東京・吉祥寺に「夏葉社(なつはしゃ)」という小さな出版社がある。編集経験ゼロで出版社を設立し、編集、営業、事務などをたった1人でしているのが著者だ。自らの歩みを振り返りながら、「仕事とは何か」をつづった。

 創業して10年。庄野潤三の小説選集など復刊を含めて35点の本を出してきた。「何十年先も残るもの」を意識し、装丁の美しさも大切にしてきた。キャッチーな言葉を並べ、発売から数カ月を勝負とする本とは一線を画する。理想形は『アンネの日記』だという。「屋根裏部屋で書いた彼女のような小さな声を拾い、時代を超えて届けられることが、本の元来の役割だと思う」

 一人の誰かに手紙を書くように本をつくる。知り合いの書店員、読者の顔や趣味嗜好(しこう)を想像する。基本的に初版は2500部と多くなく、巨利は生めない。子育てもあり1日約5時間労働。それでも、家族4人で暮らせている。「経営のノウハウはない」とも言う。なぜこのような働き方で生活できるのかは、本書に譲り、ここではその志を紹介する。

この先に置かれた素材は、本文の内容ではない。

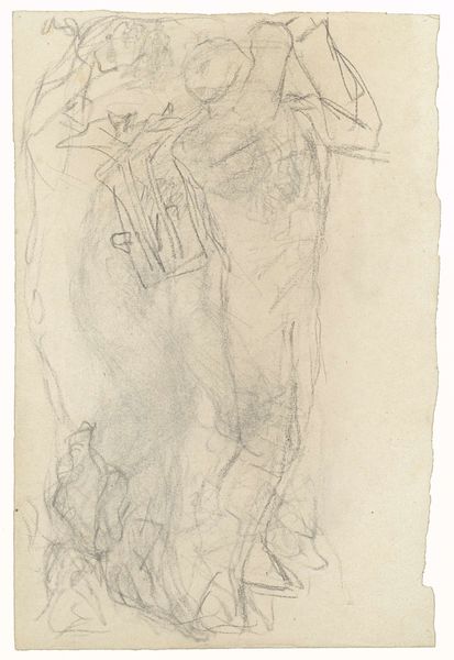 This is Matthijs Maris's pencil drawing titled "Dansende figuur, naar links" which translates to "Dancing figure, facing left". Maris was working in a period of significant social and cultural transformation. As industrialization swept through Europe, artists began questioning traditional academic approaches to art. Maris was part of a movement that explored the relationship between the inner emotional life and the external world. The figure appears to be caught in a moment of intense movement, possibly a dance. It is sketched with soft, almost dreamlike lines. Maris leaves much to the imagination. His drawing has an emotional intensity, reflecting his belief that art should evoke feelings and moods rather than represent reality. Consider how Maris captures the essence of movement and emotion. It avoids traditional representations of the human form, focusing instead on capturing a fleeting moment of expression. The figure's dance becomes a mirror reflecting our own emotional states.

 作家志望で、27歳までフリーターだった。いくつかの会社に勤めたが続かず、転職活動は50社連続で不採用。31歳の時、親友だった1歳上のいとこが急死した。失意の中で出会ったのが、英国の神学者の詩だ。死の別れがあってもこれまでの関係はなくならない、と勇気づける一編の詩を本にして、叔父と叔母に贈ろうと夏葉社を創業した。『さよならのあとで』と題して刊行した。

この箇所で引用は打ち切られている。